### Problem description
Pictures stay out of the copy. Retype exactly the lines below from the one with "powercfg.cpl-> Choose what" through the one with "Exam Duty |".

### Source information
□ □ □ □
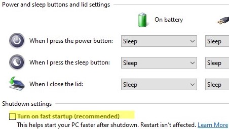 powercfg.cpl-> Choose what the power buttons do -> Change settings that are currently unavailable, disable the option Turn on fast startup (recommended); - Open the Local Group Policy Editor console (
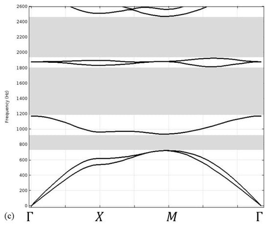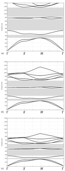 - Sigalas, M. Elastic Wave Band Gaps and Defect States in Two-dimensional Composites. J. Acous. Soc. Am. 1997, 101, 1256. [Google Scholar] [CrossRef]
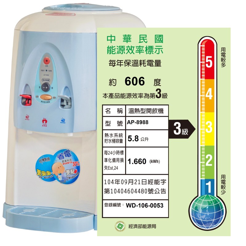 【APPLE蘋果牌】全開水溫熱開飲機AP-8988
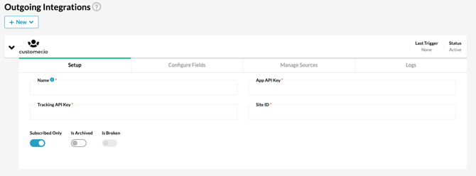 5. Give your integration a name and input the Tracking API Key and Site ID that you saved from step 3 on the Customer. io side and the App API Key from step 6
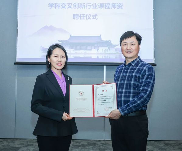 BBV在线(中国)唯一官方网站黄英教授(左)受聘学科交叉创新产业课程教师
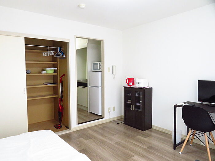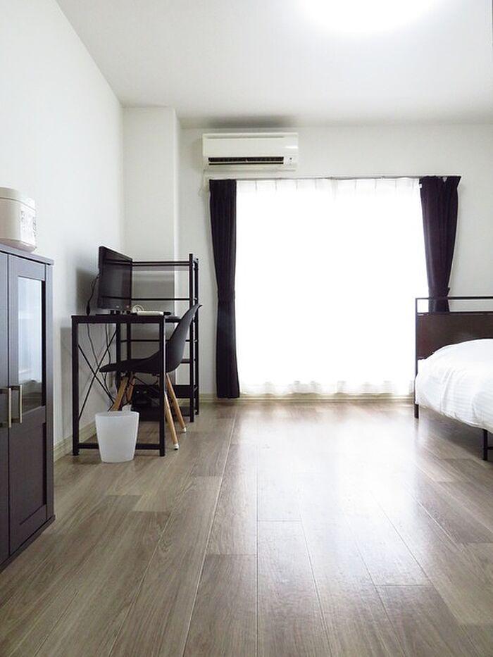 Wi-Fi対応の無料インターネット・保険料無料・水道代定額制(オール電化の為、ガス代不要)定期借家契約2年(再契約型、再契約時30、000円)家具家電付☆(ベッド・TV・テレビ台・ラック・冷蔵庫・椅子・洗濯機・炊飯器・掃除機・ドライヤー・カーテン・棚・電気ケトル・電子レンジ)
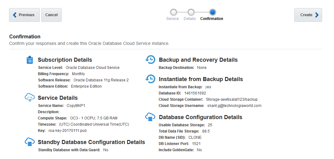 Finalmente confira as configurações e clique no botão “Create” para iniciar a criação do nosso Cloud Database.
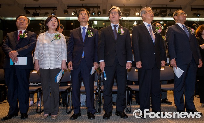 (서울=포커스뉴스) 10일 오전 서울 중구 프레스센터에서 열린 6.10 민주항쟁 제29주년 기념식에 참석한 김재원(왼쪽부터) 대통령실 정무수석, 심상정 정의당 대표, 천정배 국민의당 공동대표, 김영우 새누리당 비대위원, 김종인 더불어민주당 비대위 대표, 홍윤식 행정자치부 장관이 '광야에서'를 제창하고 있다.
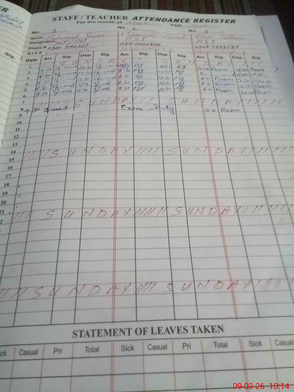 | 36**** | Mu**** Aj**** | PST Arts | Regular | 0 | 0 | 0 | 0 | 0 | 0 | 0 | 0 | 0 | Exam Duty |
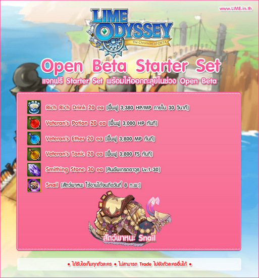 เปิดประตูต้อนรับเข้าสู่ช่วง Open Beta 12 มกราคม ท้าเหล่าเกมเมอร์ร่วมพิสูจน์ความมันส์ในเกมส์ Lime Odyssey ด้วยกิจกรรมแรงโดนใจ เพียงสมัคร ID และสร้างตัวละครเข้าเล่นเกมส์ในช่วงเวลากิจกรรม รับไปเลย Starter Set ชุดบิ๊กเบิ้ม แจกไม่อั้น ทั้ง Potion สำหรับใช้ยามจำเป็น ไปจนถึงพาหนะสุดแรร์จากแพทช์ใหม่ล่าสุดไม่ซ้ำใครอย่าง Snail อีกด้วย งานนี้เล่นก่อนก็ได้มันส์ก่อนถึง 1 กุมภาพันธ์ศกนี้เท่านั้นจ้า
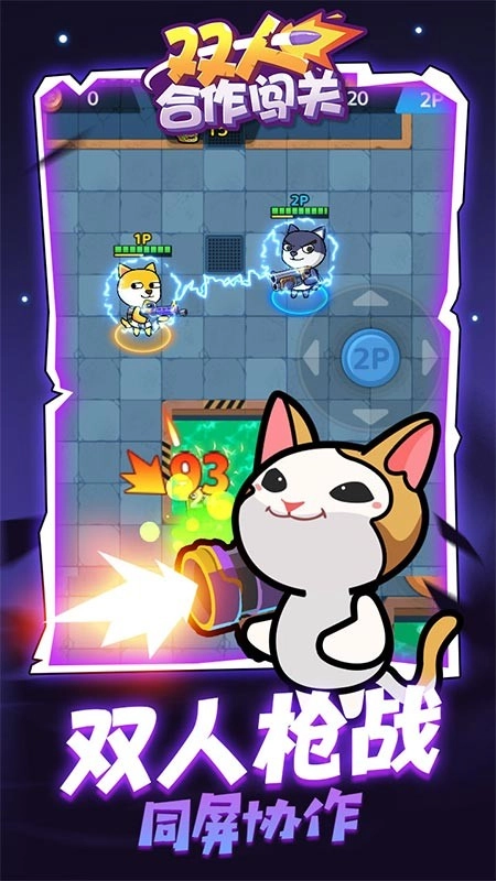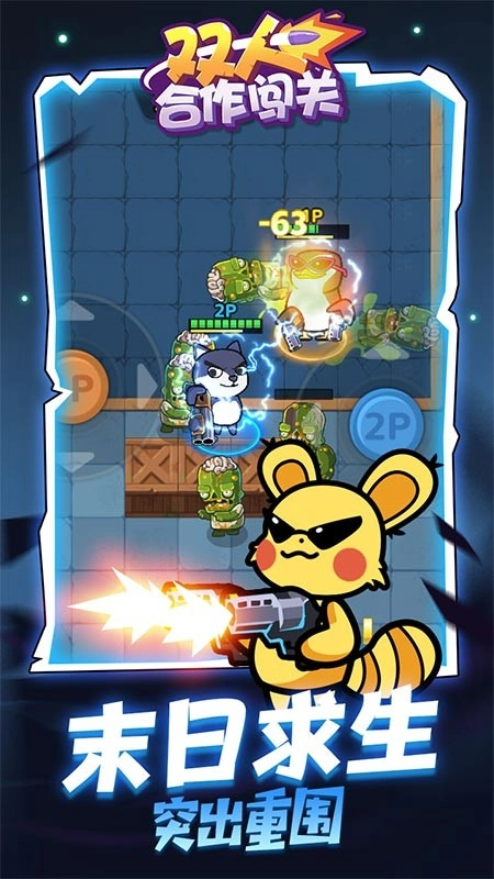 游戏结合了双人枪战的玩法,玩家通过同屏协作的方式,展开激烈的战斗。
□ □ □ □
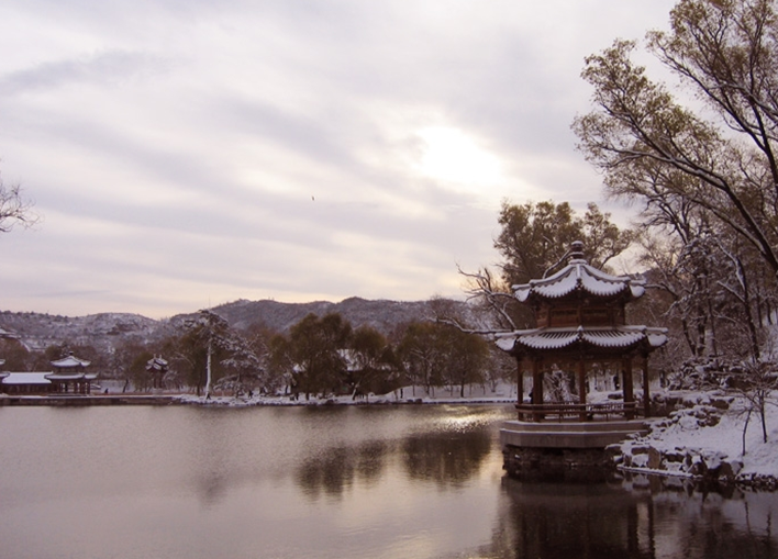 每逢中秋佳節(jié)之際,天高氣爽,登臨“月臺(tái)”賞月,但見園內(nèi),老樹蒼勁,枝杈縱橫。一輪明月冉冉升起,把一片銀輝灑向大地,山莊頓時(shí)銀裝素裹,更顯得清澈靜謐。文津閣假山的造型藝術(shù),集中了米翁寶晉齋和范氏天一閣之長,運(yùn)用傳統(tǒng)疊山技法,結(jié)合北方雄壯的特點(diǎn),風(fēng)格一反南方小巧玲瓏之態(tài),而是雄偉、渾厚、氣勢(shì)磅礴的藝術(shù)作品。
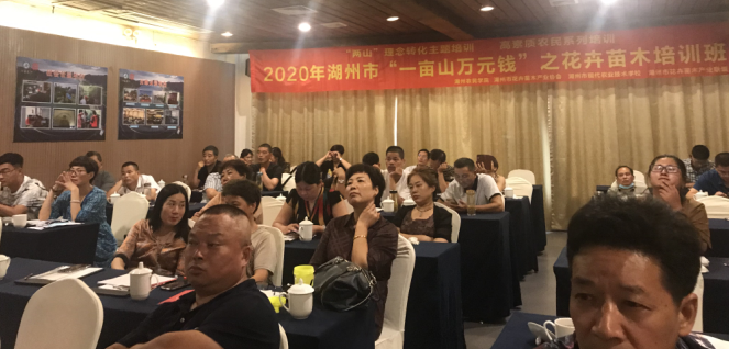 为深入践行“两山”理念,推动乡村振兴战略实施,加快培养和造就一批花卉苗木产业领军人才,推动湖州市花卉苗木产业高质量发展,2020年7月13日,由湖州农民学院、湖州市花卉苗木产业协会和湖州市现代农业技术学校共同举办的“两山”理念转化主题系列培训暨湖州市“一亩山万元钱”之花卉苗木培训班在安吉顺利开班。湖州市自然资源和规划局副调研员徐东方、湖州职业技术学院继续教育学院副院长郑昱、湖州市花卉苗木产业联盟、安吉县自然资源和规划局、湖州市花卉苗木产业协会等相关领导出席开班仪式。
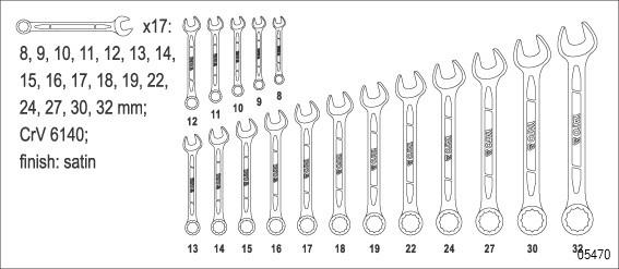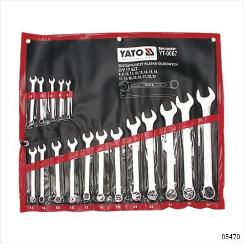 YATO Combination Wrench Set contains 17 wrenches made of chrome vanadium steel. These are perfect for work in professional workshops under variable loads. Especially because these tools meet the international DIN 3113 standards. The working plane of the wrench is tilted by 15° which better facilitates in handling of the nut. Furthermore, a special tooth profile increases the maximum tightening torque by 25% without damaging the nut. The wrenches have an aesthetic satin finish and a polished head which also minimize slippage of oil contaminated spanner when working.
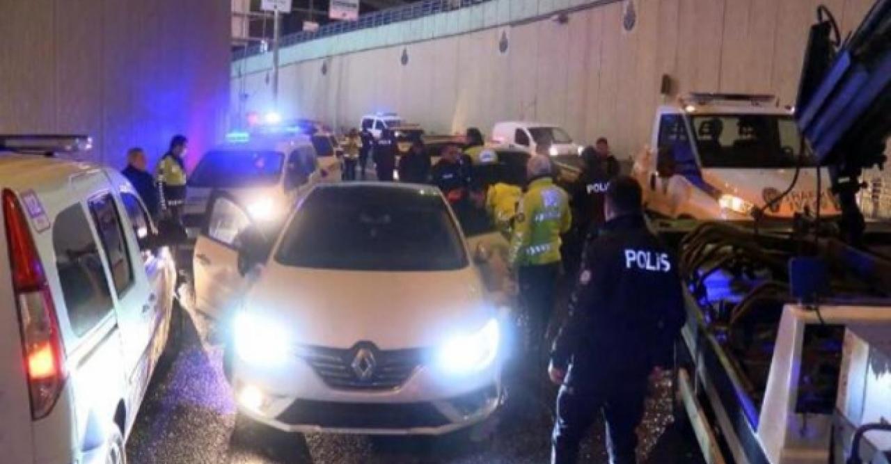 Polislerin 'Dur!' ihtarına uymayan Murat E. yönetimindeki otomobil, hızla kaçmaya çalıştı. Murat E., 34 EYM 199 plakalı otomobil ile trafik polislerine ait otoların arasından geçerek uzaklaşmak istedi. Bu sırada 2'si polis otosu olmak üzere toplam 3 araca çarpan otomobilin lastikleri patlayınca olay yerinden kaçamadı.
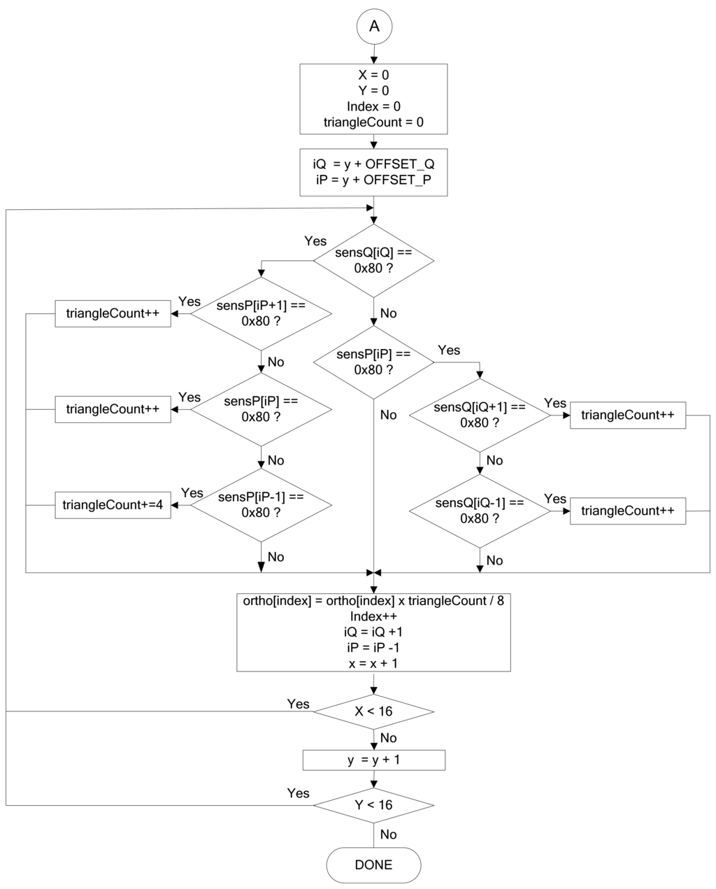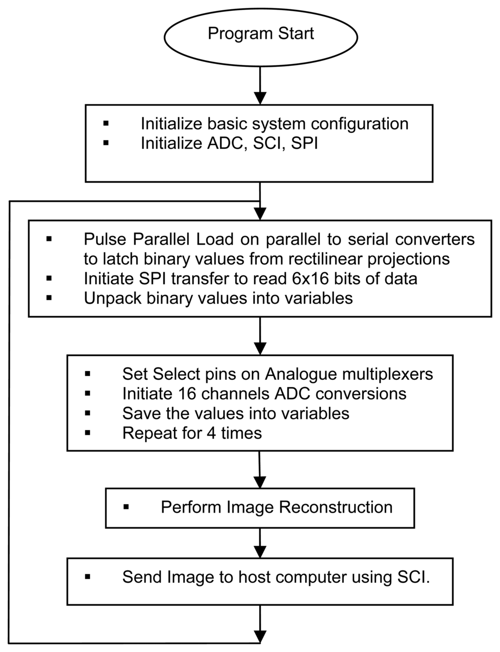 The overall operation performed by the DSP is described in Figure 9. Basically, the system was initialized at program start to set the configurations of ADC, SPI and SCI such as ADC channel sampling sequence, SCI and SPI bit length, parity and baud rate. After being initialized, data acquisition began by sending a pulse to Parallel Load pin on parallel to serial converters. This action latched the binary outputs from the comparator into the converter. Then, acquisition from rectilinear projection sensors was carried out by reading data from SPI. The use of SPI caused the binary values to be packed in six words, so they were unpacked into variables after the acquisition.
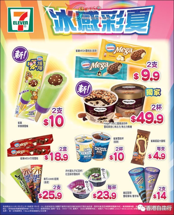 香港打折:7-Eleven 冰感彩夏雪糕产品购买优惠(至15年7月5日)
□ □ □ □
### Reply
 powercfg.cpl-> Choose what the power buttons do -> Change settings that are currently unavailable, disable the option Turn on fast startup (recommended); - Open the Local Group Policy Editor console (
 - Sigalas, M. Elastic Wave Band Gaps and Defect States in Two-dimensional Composites. J. Acous. Soc. Am. 1997, 101, 1256. [Google Scholar] [CrossRef]
 【APPLE蘋果牌】全開水溫熱開飲機AP-8988
 5. Give your integration a name and input the Tracking API Key and Site ID that you saved from step 3 on the Customer. io side and the App API Key from step 6
 BBV在线(中国)唯一官方网站黄英教授(左)受聘学科交叉创新产业课程教师
 Wi-Fi対応の無料インターネット・保険料無料・水道代定額制(オール電化の為、ガス代不要)定期借家契約2年(再契約型、再契約時30、000円)家具家電付☆(ベッド・TV・テレビ台・ラック・冷蔵庫・椅子・洗濯機・炊飯器・掃除機・ドライヤー・カーテン・棚・電気ケトル・電子レンジ)
 Finalmente confira as configurações e clique no botão “Create” para iniciar a criação do nosso Cloud Database.
 (서울=포커스뉴스) 10일 오전 서울 중구 프레스센터에서 열린 6.10 민주항쟁 제29주년 기념식에 참석한 김재원(왼쪽부터) 대통령실 정무수석, 심상정 정의당 대표, 천정배 국민의당 공동대표, 김영우 새누리당 비대위원, 김종인 더불어민주당 비대위 대표, 홍윤식 행정자치부 장관이 '광야에서'를 제창하고 있다.
 | 36**** | Mu**** Aj**** | PST Arts | Regular | 0 | 0 | 0 | 0 | 0 | 0 | 0 | 0 | 0 | Exam Duty |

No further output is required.